=== Section Start ===

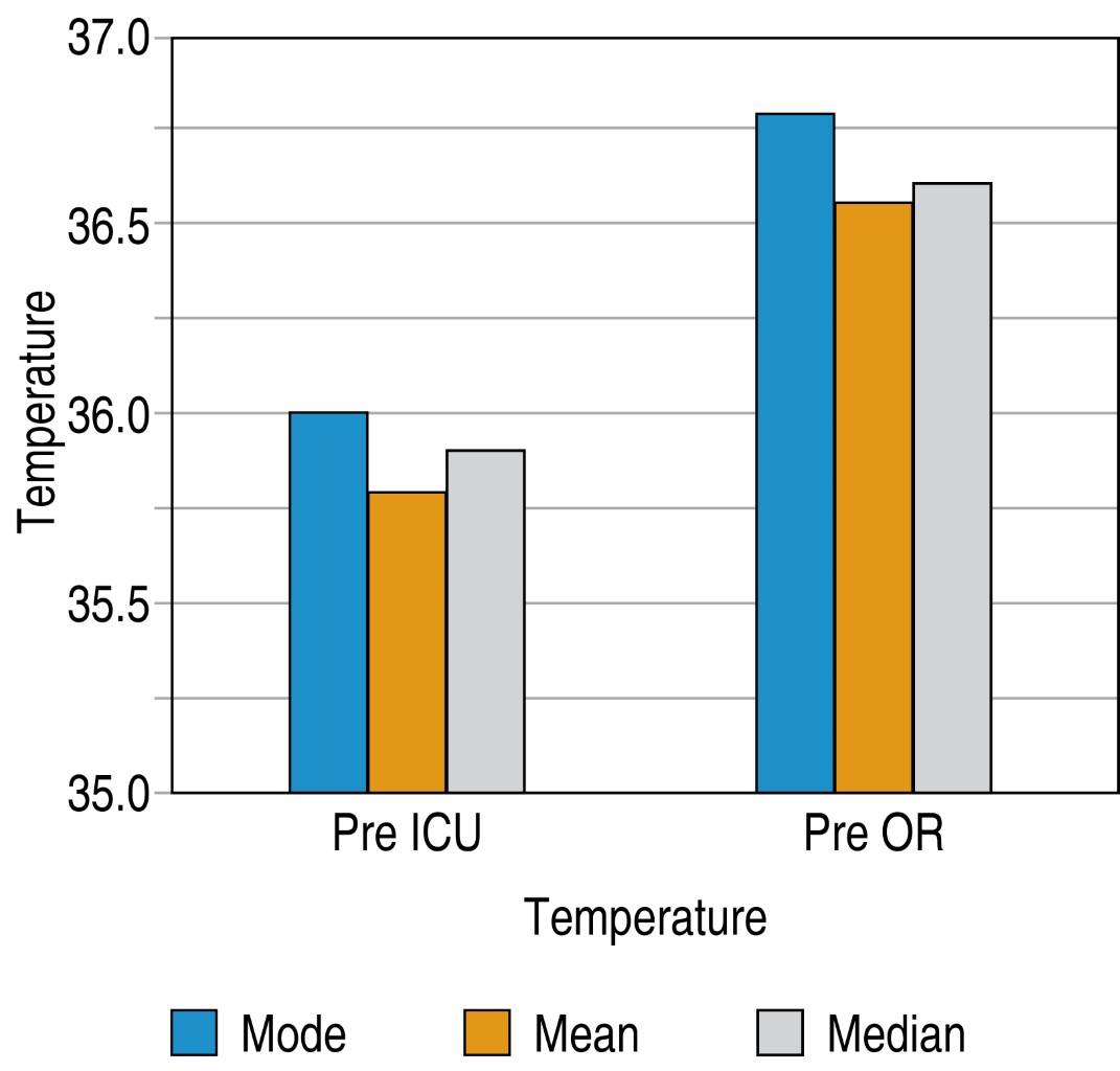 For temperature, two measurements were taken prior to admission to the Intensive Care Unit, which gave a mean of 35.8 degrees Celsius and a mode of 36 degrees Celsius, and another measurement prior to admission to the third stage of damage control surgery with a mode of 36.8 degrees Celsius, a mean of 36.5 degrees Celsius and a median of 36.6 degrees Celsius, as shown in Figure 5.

=== Section End ===
=== Section Start ===

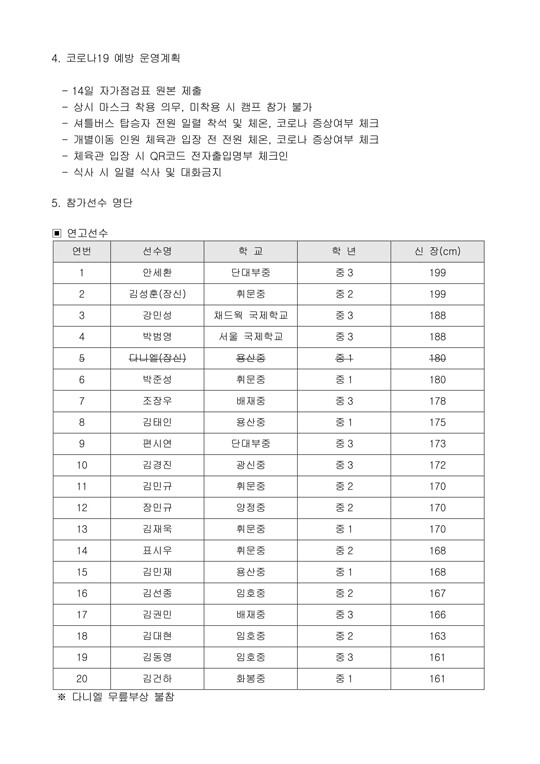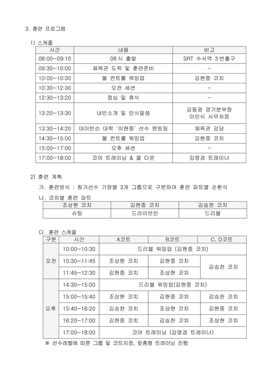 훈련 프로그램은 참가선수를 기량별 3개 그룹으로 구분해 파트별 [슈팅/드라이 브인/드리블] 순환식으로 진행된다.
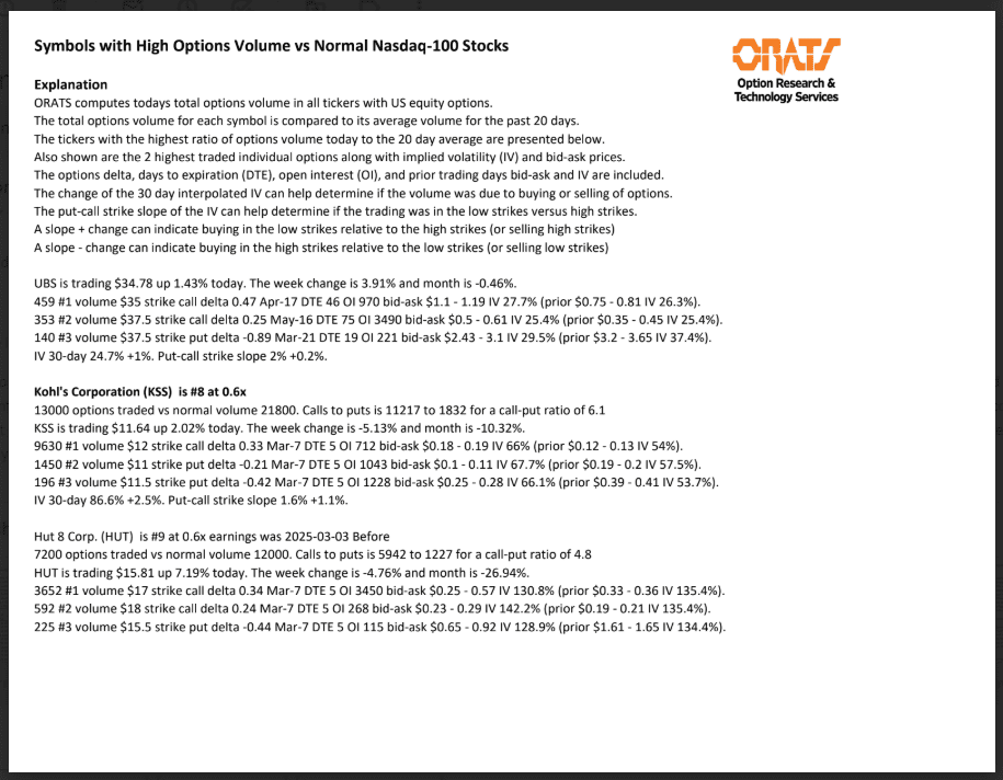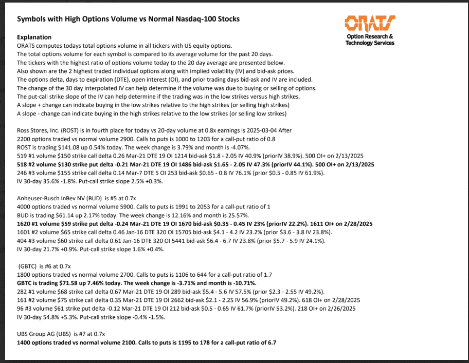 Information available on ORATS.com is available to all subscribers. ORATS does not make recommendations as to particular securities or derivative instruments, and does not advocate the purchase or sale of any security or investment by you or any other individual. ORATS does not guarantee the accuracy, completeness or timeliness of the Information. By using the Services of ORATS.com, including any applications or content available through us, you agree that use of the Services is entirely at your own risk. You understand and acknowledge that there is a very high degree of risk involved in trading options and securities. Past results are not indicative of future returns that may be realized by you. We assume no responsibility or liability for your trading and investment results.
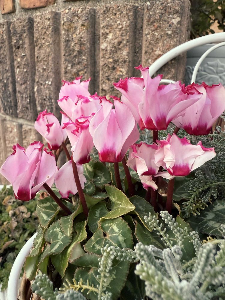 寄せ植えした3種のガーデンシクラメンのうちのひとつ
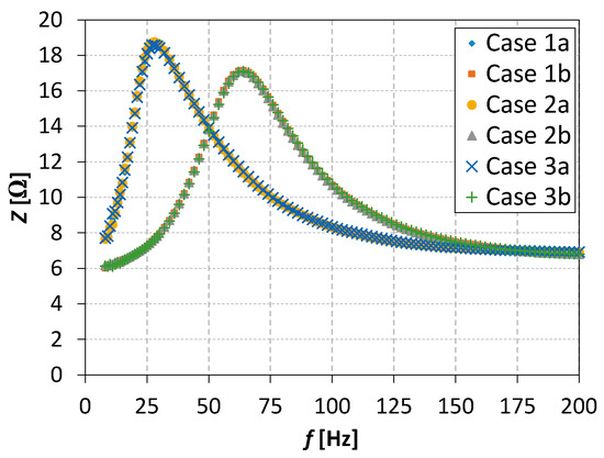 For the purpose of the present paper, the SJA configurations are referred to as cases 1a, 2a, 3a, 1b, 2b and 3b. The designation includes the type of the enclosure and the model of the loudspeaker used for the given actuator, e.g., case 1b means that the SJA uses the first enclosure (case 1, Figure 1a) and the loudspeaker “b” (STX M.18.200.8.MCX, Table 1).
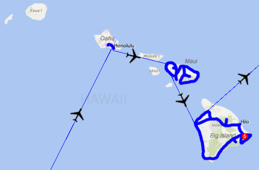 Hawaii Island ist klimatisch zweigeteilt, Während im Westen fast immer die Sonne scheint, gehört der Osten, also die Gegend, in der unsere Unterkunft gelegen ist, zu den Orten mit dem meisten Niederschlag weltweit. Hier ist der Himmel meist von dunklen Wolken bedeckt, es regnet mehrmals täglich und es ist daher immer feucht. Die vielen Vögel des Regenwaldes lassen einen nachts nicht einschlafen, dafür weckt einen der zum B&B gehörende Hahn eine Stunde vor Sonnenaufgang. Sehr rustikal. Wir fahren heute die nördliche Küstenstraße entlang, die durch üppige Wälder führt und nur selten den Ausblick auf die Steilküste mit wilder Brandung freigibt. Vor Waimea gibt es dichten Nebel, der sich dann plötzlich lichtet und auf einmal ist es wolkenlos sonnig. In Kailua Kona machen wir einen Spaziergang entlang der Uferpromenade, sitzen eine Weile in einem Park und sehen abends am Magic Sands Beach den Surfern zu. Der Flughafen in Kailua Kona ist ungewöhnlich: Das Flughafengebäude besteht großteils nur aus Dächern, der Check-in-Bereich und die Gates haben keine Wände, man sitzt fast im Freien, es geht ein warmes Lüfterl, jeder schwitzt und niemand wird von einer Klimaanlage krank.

=== Section End ===

Leaving out each picture, repeat exactly the lines above from the one that contains "寄せ植えした3種のガーデンシクラメンのうちのひとつ" through the one that contains "For the purpose".

 寄せ植えした3種のガーデンシクラメンのうちのひとつ
 For the purpose of the present paper, the SJA configurations are referred to as cases 1a, 2a, 3a, 1b, 2b and 3b. The designation includes the type of the enclosure and the model of the loudspeaker used for the given actuator, e.g., case 1b means that the SJA uses the first enclosure (case 1, Figure 1a) and the loudspeaker “b” (STX M.18.200.8.MCX, Table 1).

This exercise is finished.